## [Work request]
Using the data below, set down every line from the one containing "在这种模式下,三七互娱的销售" through the one containing "それからは、キャッシングを今", inclusive and unchanged. Pictures are to be skipped.

## [Records to use]

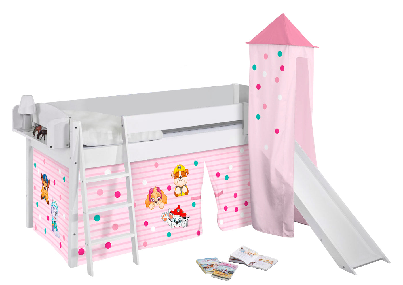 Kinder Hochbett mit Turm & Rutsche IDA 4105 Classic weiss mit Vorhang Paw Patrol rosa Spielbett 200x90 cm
---
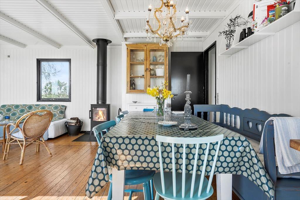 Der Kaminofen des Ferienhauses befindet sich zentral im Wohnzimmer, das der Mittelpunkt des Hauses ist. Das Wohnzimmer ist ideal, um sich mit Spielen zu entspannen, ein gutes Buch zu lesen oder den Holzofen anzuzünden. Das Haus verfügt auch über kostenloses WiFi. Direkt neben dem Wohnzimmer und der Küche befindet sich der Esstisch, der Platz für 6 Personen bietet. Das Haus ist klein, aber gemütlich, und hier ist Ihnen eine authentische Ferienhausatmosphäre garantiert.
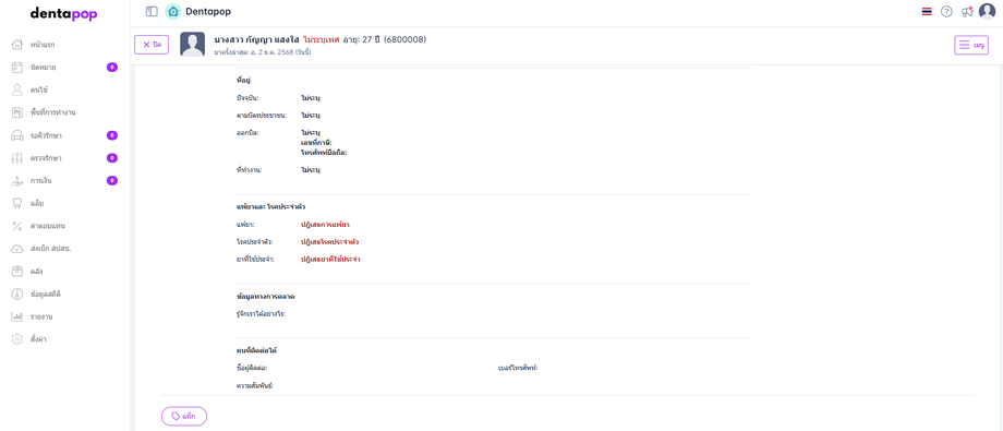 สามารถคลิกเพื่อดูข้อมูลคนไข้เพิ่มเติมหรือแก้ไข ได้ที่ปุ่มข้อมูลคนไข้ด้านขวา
---
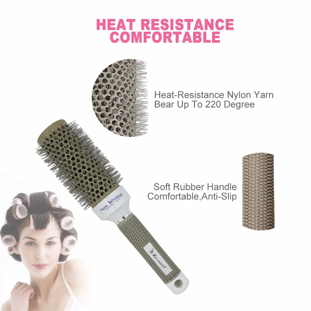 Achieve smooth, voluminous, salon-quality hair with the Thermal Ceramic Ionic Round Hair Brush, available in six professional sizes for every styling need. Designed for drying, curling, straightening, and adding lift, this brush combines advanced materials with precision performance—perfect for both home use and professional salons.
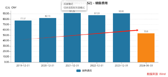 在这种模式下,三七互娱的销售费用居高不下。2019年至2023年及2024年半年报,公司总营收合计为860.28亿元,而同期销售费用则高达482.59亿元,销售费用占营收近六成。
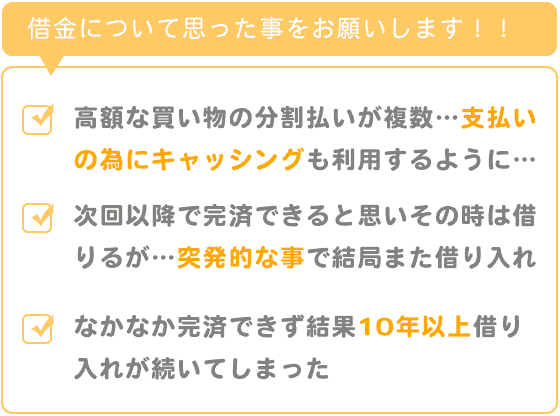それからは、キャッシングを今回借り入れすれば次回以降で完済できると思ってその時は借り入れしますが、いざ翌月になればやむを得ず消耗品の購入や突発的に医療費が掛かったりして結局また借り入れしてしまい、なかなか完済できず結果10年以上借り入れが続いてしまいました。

## [Written solution]
 在这种模式下,三七互娱的销售费用居高不下。2019年至2023年及2024年半年报,公司总营收合计为860.28亿元,而同期销售费用则高达482.59亿元,销售费用占营收近六成。
それからは、キャッシングを今回借り入れすれば次回以降で完済できると思ってその時は借り入れしますが、いざ翌月になればやむを得ず消耗品の購入や突発的に医療費が掛かったりして結局また借り入れしてしまい、なかなか完済できず結果10年以上借り入れが続いてしまいました。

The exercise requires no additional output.